*** Opening of DATASET EXTRACT ***

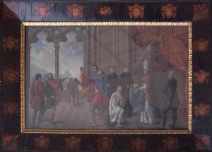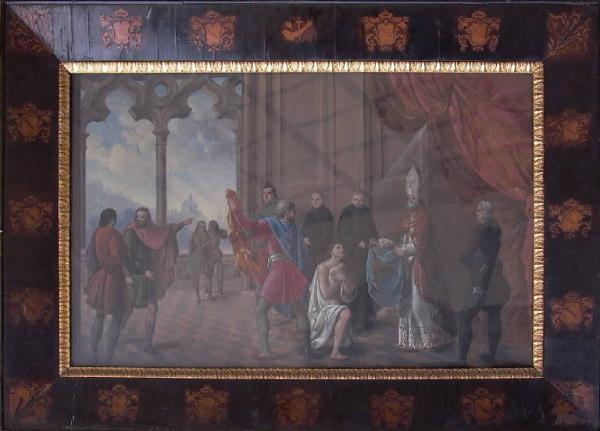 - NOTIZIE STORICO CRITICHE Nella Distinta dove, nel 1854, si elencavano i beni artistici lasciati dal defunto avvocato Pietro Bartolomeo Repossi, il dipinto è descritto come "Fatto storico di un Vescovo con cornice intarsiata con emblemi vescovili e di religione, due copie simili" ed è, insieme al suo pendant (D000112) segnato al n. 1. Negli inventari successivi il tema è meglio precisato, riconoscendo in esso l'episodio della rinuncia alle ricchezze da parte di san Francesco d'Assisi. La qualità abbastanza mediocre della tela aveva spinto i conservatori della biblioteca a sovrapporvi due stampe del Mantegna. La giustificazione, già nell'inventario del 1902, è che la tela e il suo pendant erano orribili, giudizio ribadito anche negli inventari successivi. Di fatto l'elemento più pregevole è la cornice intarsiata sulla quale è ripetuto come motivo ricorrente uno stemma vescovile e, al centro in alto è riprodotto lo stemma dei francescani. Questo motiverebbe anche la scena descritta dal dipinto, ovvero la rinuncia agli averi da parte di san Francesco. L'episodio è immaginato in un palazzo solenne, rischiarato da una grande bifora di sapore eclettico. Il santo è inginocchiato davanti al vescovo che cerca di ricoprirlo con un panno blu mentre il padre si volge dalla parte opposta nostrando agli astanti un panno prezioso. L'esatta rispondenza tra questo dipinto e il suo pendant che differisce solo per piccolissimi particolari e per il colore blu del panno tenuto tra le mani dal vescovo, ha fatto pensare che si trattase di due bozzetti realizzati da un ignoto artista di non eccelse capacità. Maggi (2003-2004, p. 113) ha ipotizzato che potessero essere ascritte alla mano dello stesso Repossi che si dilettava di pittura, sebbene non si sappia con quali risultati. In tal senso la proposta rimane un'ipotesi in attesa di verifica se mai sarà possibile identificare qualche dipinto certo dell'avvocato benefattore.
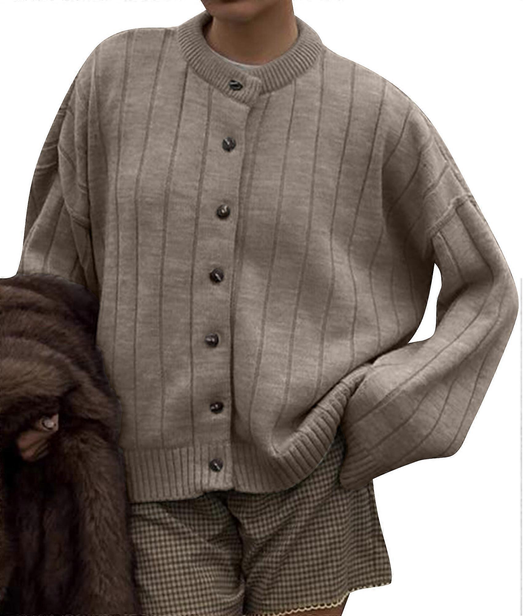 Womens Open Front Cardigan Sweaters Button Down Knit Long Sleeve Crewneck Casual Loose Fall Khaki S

*** Close of DATASET EXTRACT ***
*** Opening of DATASET EXTRACT ***

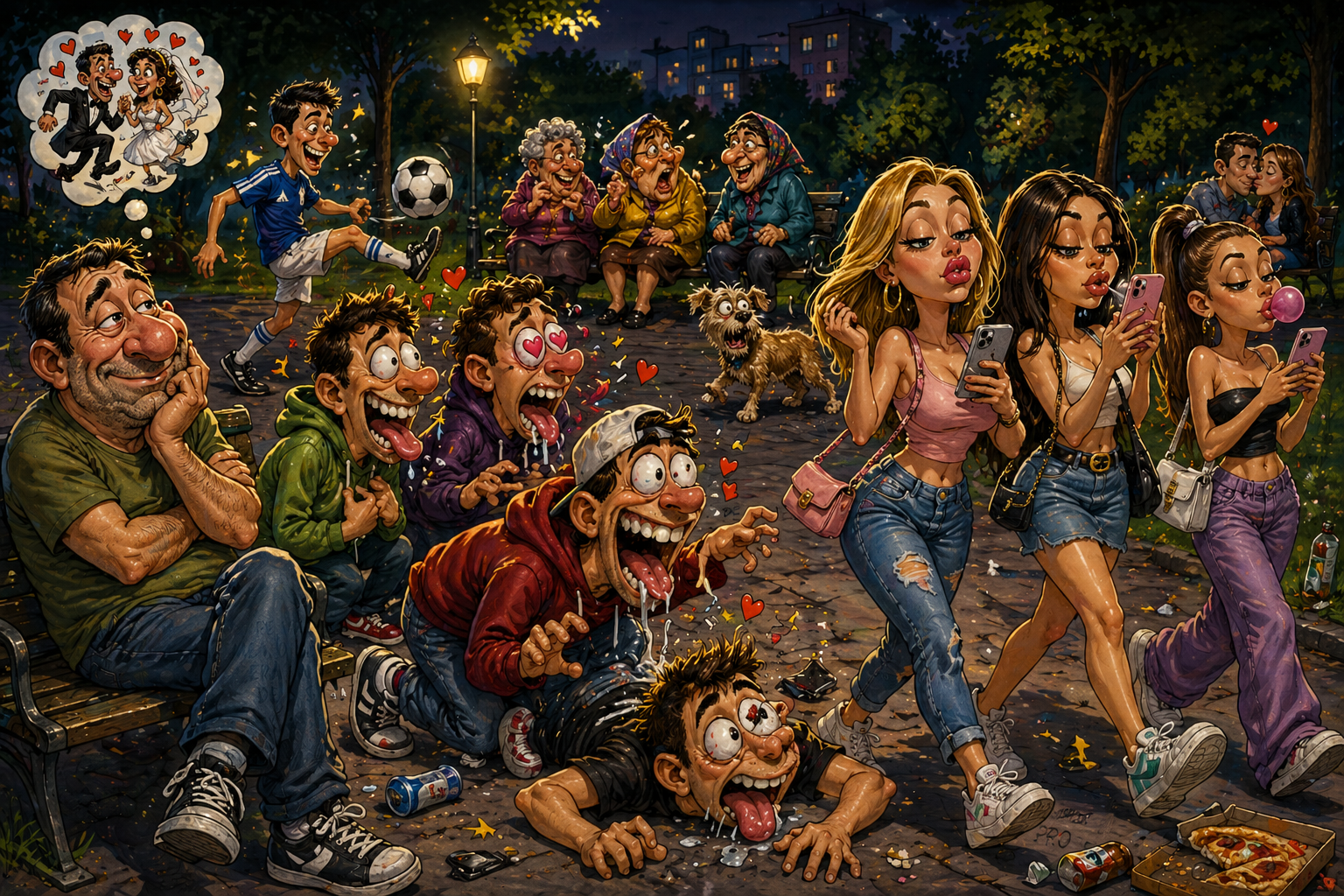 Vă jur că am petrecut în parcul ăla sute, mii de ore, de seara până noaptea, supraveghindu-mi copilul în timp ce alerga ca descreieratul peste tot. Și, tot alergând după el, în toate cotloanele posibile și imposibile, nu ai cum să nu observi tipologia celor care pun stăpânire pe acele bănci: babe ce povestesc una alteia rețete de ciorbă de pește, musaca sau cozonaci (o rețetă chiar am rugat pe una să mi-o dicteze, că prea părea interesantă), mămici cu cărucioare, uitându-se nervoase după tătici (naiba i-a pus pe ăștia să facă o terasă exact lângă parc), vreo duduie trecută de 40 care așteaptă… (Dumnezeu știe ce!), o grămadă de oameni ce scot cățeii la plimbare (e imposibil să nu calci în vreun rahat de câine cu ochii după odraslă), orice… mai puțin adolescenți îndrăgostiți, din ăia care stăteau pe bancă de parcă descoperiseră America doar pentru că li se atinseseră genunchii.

*** Close of DATASET EXTRACT ***

• _WORK REQUIRED_: Give back exactly, and solely, the section of the data above bounded by the line containing "- NOTIZIE STORICO" and the line containing "Womens Open Front", both bounding lines included and pictures omitted.

• _OUTPUT FOR THIS EXERCISE_:
 - NOTIZIE STORICO CRITICHE Nella Distinta dove, nel 1854, si elencavano i beni artistici lasciati dal defunto avvocato Pietro Bartolomeo Repossi, il dipinto è descritto come "Fatto storico di un Vescovo con cornice intarsiata con emblemi vescovili e di religione, due copie simili" ed è, insieme al suo pendant (D000112) segnato al n. 1. Negli inventari successivi il tema è meglio precisato, riconoscendo in esso l'episodio della rinuncia alle ricchezze da parte di san Francesco d'Assisi. La qualità abbastanza mediocre della tela aveva spinto i conservatori della biblioteca a sovrapporvi due stampe del Mantegna. La giustificazione, già nell'inventario del 1902, è che la tela e il suo pendant erano orribili, giudizio ribadito anche negli inventari successivi. Di fatto l'elemento più pregevole è la cornice intarsiata sulla quale è ripetuto come motivo ricorrente uno stemma vescovile e, al centro in alto è riprodotto lo stemma dei francescani. Questo motiverebbe anche la scena descritta dal dipinto, ovvero la rinuncia agli averi da parte di san Francesco. L'episodio è immaginato in un palazzo solenne, rischiarato da una grande bifora di sapore eclettico. Il santo è inginocchiato davanti al vescovo che cerca di ricoprirlo con un panno blu mentre il padre si volge dalla parte opposta nostrando agli astanti un panno prezioso. L'esatta rispondenza tra questo dipinto e il suo pendant che differisce solo per piccolissimi particolari e per il colore blu del panno tenuto tra le mani dal vescovo, ha fatto pensare che si trattase di due bozzetti realizzati da un ignoto artista di non eccelse capacità. Maggi (2003-2004, p. 113) ha ipotizzato che potessero essere ascritte alla mano dello stesso Repossi che si dilettava di pittura, sebbene non si sappia con quali risultati. In tal senso la proposta rimane un'ipotesi in attesa di verifica se mai sarà possibile identificare qualche dipinto certo dell'avvocato benefattore.
 Womens Open Front Cardigan Sweaters Button Down Knit Long Sleeve Crewneck Casual Loose Fall Khaki S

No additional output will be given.